Abstract
4025
Introduction: PSMA radiotheranostic improves metastatic and relapsing prostate cancer (PC) diagnosis and therapy. The 68Ga/177Lu-PSMA-617 pair offers promising potential but both radioligands could still be improved (e.g. through increased imaging time window or lower kidney uptake). We suggested that 64Cu (β+, β−, Auger electrons; 12.7h half-life) could act as a theranostic radioisotope. We developed the radioligand 64Cu-DOTHA2-PSMA (Fig. 1A) and, based on its stability, hypothesized its efficient use for PC theranostic. Here, we look over the journey of its preclinical study, with the objectives to determine 64Cu-DOTHA2-PSMA’s ability to image and treat PC.
Methods: DOTHA2-PSMA was labelled with 64Cu(OAc)2. Cellular assays included competition binding and cellular kinetics (uptake, internalization, efflux) in LNCaP cells. Balb/c mice were used to assess in vivo stability (n=7, ad 24h post-injection (p.i.)) and biodistribution (n=31, ad 48h p.i.). 1h dynamic PET/CT and static PET/CT (4h and 24h p.i.) were obtained with LNCaP tumor-bearing NRG mice (n=8, including 3 receiving blocking co-injection of natCu-DOTHA2-PSMA). Therapy survival assays were conducted and compared to 177Lu-PSMA-617 and natCu-DOTHA2-PSMA (control) using the same animal model. Toxicity was assessed through weight measurement, 18 days red blood cells follow-up (comparison to normal value obtained with same protocole) and pathological examination of liver, kidneys, salivary gland and tumor (comparison to contorl and non-treated mice). Finally, dosimetry extrapolation to human was obtained based on biodistribution results using OLINDA/EXM 2.1.1.

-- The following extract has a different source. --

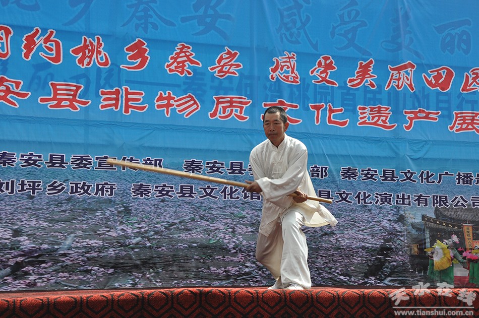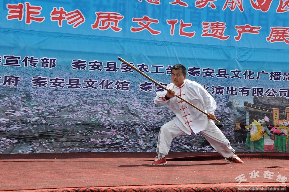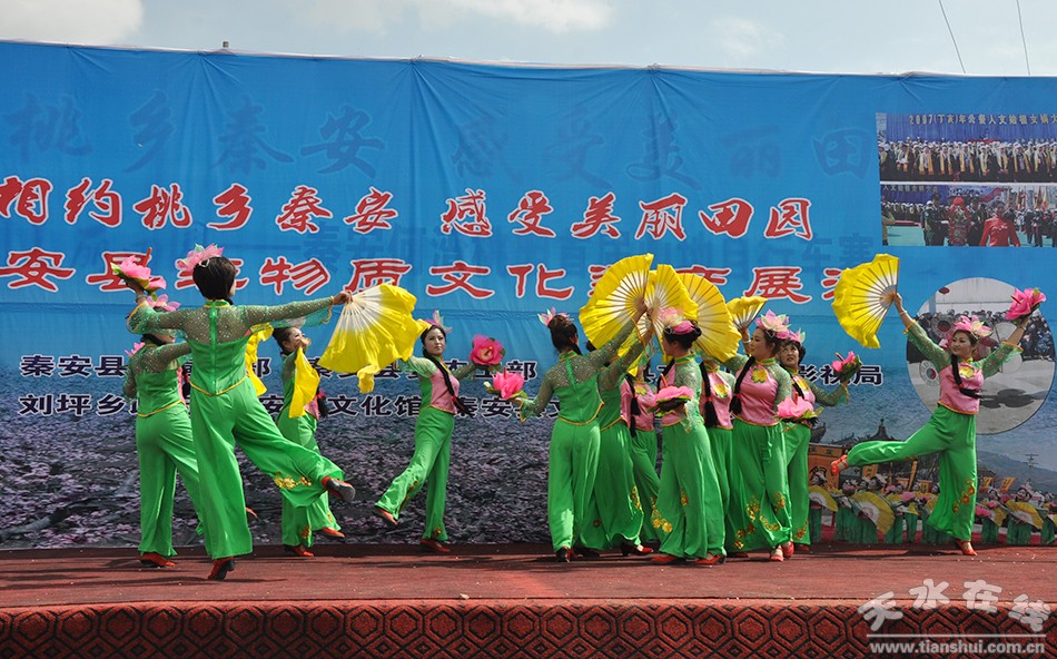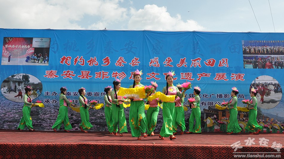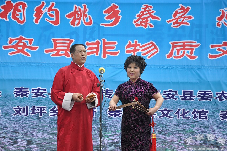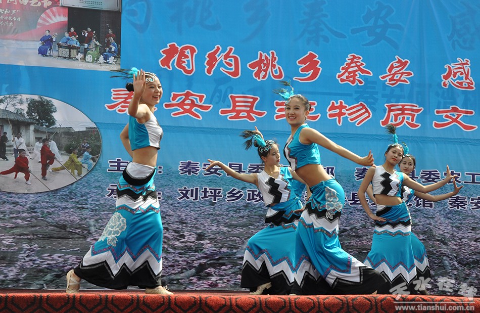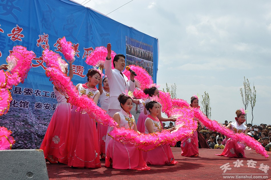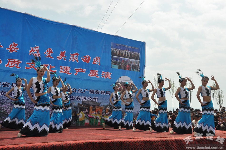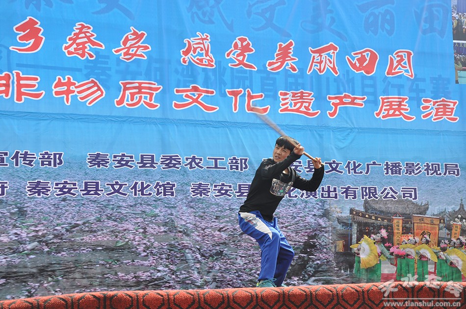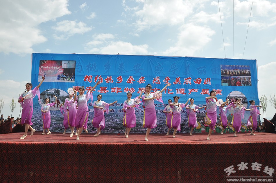 4月19日,秦安縣在“中國(guó)美麗田園·秦安何灣桃花景觀”舉行非物質(zhì)文化遺產(chǎn)展演。

Results: 64Cu-DOTHA2-PSMA was >99% radiolabeled in 5 to 10 min at room temperature with molar activities of 116±30 MBq/nmol. In vitro results showed IC50 = 64±50 nM in competition to PMPA-2 and cellular uptake and internalization respectively up to 34.5±13.6 and 34.1±4.9 %IA/106 cells over 48h p.i. 64Cu-DOTHA2-PSMA was stable in vivo up to 24h. Biodistribution showed low kidney uptake (< 15.8±7.0 %IA/g), but higher liver uptake (maximal at 30.2±4.2 %IA/g at 4h p.i.). PET demonstrated high tumoral uptake up to 24h p.i. (maximal at 23.8±11.5 %IA/cc at 4h p.i.), significantly decreased by blocking injection (p<0.05) (Fig. 1B). In therapy, survival was significantly longer using 64Cu-DOTHA2-PSMA (n=12) than with controls (n=10, p<0.001) (Fig. 1C). It was also longer than with 177Lu-PSMA-617 (n=7), but the difference was not significant (p=0.09). One mouse treated by 177Lu-PSMA-617 reached the maximal allowed weight loss. Red blood cell counts were also significantly lower than normal at days 8 and 12 p.i. with 177Lu-PSMA-617 (p<0.0001), while no significant difference from normal observed with 64Cu-DOTHA2-PSMA. Pathological analysis showed mild, non-pathological fibrosis in kidneys, liver and salivary gland in all survival assays groups, without significant difference between groups. Small, but significant differences were noted between survival assays groups and non-treated controls (p < 0.01) (exceptions: 177Lu-PSMA-617 treated group for kidneys and salivary gland). In tumor, changes such as necrosis, hemorrhage and fibrosis were present, with significantly smaller proportion of alive tumor cells in 64Cu-DOTHA2-PSMA and 177Lu-PSMA-617 treated mice than non-treated controls (p= 0.04 and 0.05, respectively). Finally, human estimated effective dose was 3.1x10-2 mSv/MBq (95% CI: 2.7x10-2– 3.6x10-2).
Conclusions: 64Cu-DOTHA2-PSMA first showed high potential as a PC theranostic agent, thanks to its easy and efficient synthesis and its high in vivo stability. Results then showed that 64Cu-DOTHA2-PSMA offered a long imaging time window and efficiency for radionuclide therapy with acceptable toxicity and dosimetry. In the whole picture, 64Cu-DOTHA2-PSMA is a promising agent for PC theranostic.